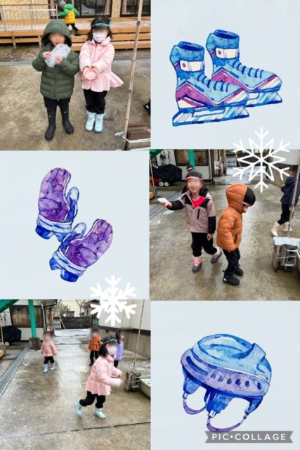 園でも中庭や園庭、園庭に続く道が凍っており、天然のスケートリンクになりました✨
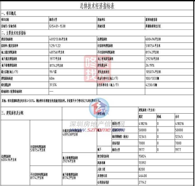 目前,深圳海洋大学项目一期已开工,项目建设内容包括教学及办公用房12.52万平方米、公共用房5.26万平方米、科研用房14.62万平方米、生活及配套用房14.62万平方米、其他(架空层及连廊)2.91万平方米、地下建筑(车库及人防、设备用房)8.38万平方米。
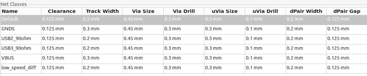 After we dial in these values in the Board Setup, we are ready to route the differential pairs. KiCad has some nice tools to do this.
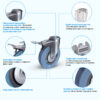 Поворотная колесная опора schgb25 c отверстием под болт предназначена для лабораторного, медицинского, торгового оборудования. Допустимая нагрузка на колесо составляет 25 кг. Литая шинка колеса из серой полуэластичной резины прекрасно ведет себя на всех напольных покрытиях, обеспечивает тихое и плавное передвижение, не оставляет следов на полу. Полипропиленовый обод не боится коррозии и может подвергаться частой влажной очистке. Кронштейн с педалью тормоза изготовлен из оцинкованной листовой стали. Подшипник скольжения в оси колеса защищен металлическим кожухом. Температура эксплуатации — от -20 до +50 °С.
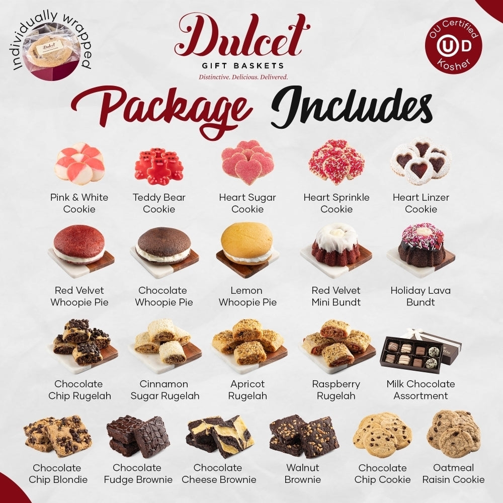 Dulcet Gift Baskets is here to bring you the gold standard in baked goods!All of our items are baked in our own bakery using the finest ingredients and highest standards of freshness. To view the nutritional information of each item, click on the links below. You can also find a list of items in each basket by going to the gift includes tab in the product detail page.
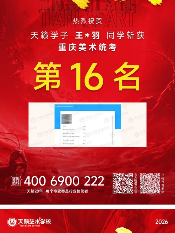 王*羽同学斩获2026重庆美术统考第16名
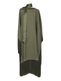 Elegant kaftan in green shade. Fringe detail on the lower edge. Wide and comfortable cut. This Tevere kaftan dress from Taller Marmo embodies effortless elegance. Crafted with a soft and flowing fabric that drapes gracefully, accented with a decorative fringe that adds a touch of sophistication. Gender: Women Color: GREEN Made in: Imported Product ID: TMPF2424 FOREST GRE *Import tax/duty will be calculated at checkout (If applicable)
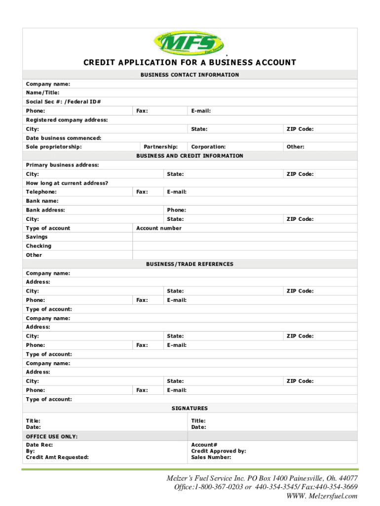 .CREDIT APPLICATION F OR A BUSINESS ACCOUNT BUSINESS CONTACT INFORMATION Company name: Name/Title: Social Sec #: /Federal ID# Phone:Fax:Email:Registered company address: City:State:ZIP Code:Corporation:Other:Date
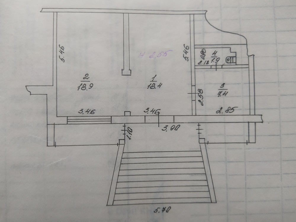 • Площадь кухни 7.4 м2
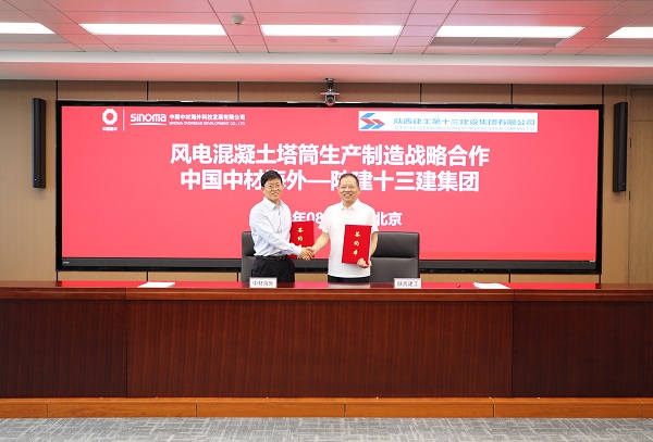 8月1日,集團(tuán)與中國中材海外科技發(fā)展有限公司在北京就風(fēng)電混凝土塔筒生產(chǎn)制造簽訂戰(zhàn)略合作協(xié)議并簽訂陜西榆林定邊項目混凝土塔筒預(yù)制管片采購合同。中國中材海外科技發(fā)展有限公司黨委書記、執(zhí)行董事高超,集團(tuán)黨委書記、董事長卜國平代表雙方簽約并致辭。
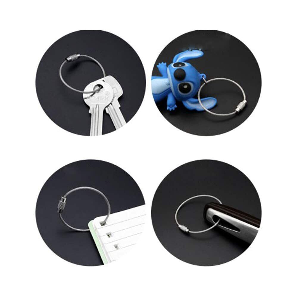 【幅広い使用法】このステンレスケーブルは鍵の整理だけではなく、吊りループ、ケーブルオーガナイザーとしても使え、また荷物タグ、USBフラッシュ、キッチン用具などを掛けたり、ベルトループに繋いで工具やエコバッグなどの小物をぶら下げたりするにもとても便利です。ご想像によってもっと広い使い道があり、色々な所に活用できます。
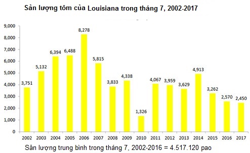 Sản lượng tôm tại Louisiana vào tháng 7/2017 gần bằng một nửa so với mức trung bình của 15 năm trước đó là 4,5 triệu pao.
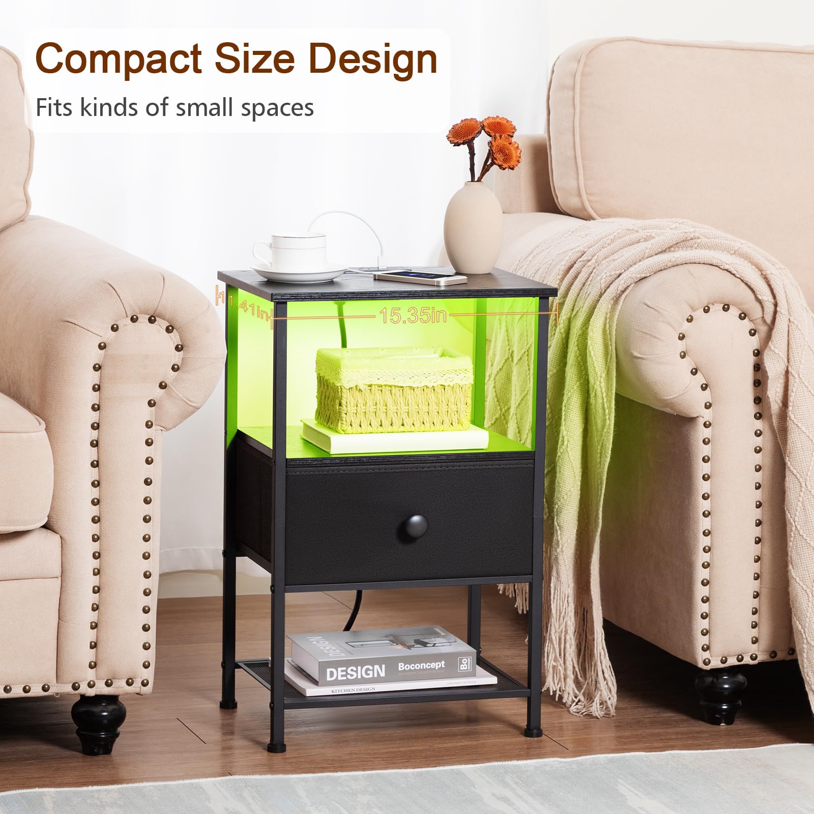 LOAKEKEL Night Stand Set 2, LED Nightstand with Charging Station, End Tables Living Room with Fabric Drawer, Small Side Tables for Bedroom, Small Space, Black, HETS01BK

--------------------

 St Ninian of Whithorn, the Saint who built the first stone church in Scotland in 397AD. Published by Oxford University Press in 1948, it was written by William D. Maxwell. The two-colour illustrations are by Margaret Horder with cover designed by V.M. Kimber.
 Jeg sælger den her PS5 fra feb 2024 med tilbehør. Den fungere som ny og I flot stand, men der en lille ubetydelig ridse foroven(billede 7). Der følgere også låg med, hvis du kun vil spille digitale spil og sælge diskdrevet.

--------------------

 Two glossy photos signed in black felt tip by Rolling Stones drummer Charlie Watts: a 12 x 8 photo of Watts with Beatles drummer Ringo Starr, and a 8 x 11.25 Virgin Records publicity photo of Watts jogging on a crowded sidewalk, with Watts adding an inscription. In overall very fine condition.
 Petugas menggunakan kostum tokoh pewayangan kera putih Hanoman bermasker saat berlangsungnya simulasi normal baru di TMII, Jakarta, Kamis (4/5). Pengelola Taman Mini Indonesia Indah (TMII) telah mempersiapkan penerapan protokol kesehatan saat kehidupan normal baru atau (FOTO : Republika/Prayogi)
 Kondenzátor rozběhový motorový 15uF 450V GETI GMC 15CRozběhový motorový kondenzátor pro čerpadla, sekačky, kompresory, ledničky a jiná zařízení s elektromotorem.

--------------------

Only the lines above from the line containing "St Ninian of" through the line containing "Jeg sælger den" should be retyped, exactly and with both ends included.

 St Ninian of Whithorn, the Saint who built the first stone church in Scotland in 397AD. Published by Oxford University Press in 1948, it was written by William D. Maxwell. The two-colour illustrations are by Margaret Horder with cover designed by V.M. Kimber.
 Jeg sælger den her PS5 fra feb 2024 med tilbehør. Den fungere som ny og I flot stand, men der en lille ubetydelig ridse foroven(billede 7). Der følgere også låg med, hvis du kun vil spille digitale spil og sælge diskdrevet.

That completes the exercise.